While searching the internet for possible implementations I came across a Github repository of Princeton University implementing the algorithm of John Skilling, that was published in a paper from 2004 called Programming the Hilbert Curve. Unfortunately, this paper is not freely available for the public, so I decided to analyze the code from the Princeton repository.
4.1 Skilling’s Algorithm – Overview
Skilling observed that mapping Hilbert indices to coordinates can be expressed elegantly in terms of binary operations. For example, consider the indices 0, 1, 2, 3 in one dimension. These correspond to the coordinates (0, 0), (1, 0), (1, 1), (0, 1) in a 2 × 2 grid. Here, the values 0, 1, 2, 3 no longer represent fractional points in the unit interval (like 1/3), but instead discrete interval numbers. With a 2 × 2 grid, there are exactly four intervals in [0, 1] and four corresponding squares in [0, 1]2. Skilling’s algorithm generalizes this idea. It computes the mapping from a Hilbert index to its corresponding coordinate (and vice versa) in any finite dimension using binary transformations. The essential steps are:
- Convert the Hilbert index from decimal to binary.
- Transform the binary number into its Gray code representation.
- Disentangle the Gray code into a coordinate structure.

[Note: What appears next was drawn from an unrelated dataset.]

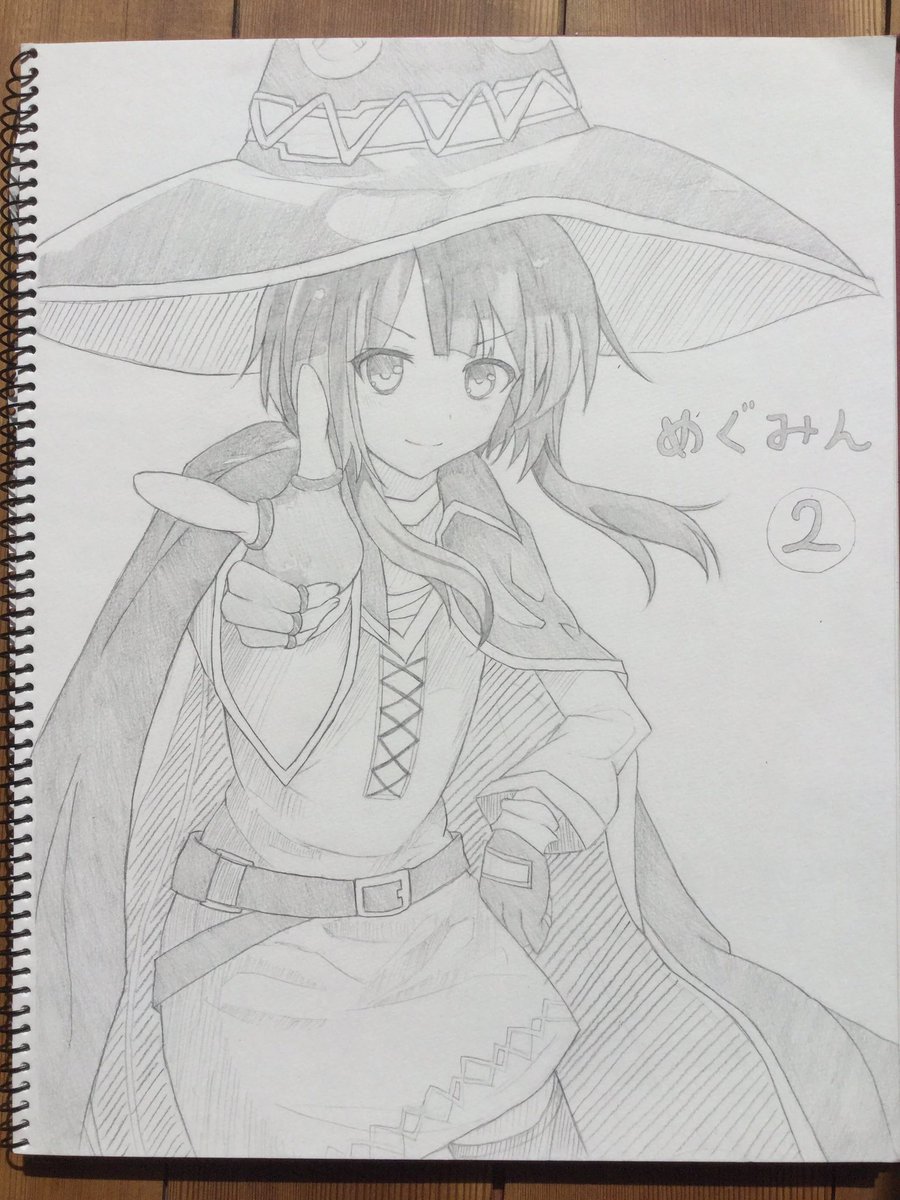 #このすば #めぐみん #イラスト #絵描きさんと繋がりたい #アナログイラスト #RTした人全員フォローする コロナ対策で引き篭もってるから勉強か絵描くしかないな〜。 あと動画、ゲーム、テレビ、筋トレとか………あれ、意外とやる事ある? と思いながら描いためぐみんです。 今回は2巻

- Apply rotations and reflections using XOR operations.
- Convert the binary coordinates back to decimal
4.2 Binary Representation
To understand why binaries are much better suited for computing points of the Hilbert Curve from Hilbert Indices and vice versa the following examples might help (we discuss everything in 2D, but the algorithm works in any dimensional space):
The Hilbert Curve is defined on a 2×2, 4×4, 8×8, 16×16…etc. grid. (Remember the definition above and its recursive approach).
By looking at the numbers, one might discover that the number of intervals grow with 2n, where n is the order of the curve. This matches perfectly with binary encoding: for an n-th order curve, we
need exactly n bits per axis to describe the grid.
Take the 4 × 4 grid (second order) as an example. Two bits per axis are sufficient:
- The first bit identifies the major quadrant (lower left, upper left, lower right, or upper right).
- The second bit specifies the position inside that quadrant.
For instance, Hilbert index 2 has the binary form 0010. Interpreting this:
- 00 selects the lower-left quadrant.
- 10 selects the upper-right subquadrant inside it.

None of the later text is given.